IMHO, yes, you have unrealistic expectations of a real estate agent.  Their job is to get you through the buying process.  That means getting listings, viewing properties, writing offers, getting an offer accepted, and then shepherding that offer though the closing process.  An agent is not going to help you analyze properties.

Those are not criteria an agent can search on:

  1. needed cosmetic work - no way for an agent to search on this, nor is even clear with "cosmetic work" would be.
  2. otherwise solid - what does that mean?  Again, not a search criteria
  3. decent neighborhood - what does that mean?
  4. rent at least 1% of purchase price - not a search criteria

These are things a agent can search on:

  1. condo or single family
  2. budget

So, its up to you to turn those non-searchable criteria into something the agent can actually use.  Number 1 and 2 are out the door.  There's no way to figure this out without looking at the place.  Maybe from pictures, but even that's shaky.  And the agent is NOT going to look through the pictures and determine what work is needed.  Number 3 and 4 are ones that you need to research and identify locations.  I've always done this by zip code, but there may be other factors and search criteria.  

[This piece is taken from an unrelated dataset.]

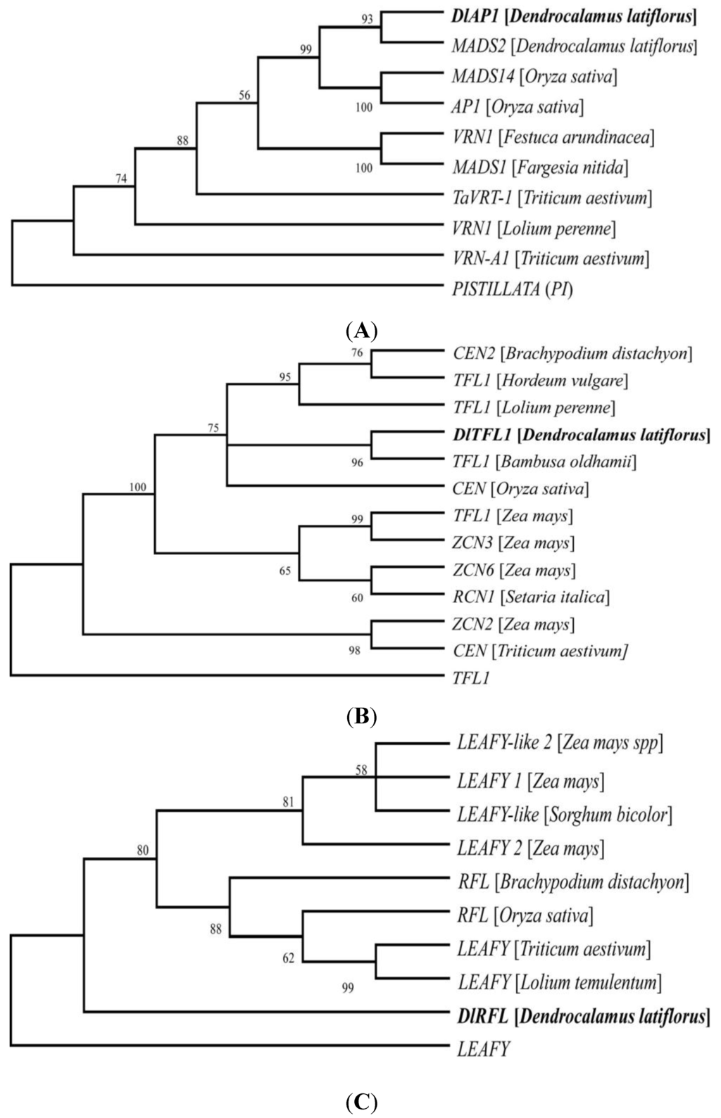 3.5. Sequence and Phylogenetic Analysis of Meristem Genes (DlAP1, DlTFL, DlRFL)

So, you should figure out what areas you want to target then have the agent produce listings for those areas, SFRs and condos, under your target price.  That's something an agent can do.  Then YOU need to look through those listings and identify which ones to look at.  The agent will set up viewings.  Go look.  Do your own evaluation of the properties.  Decide which ones you like and what to offer.  The agent can help you with comps.   Then write offers.

What you describe would be reasonable expectations for a business partner.  But not for an agent.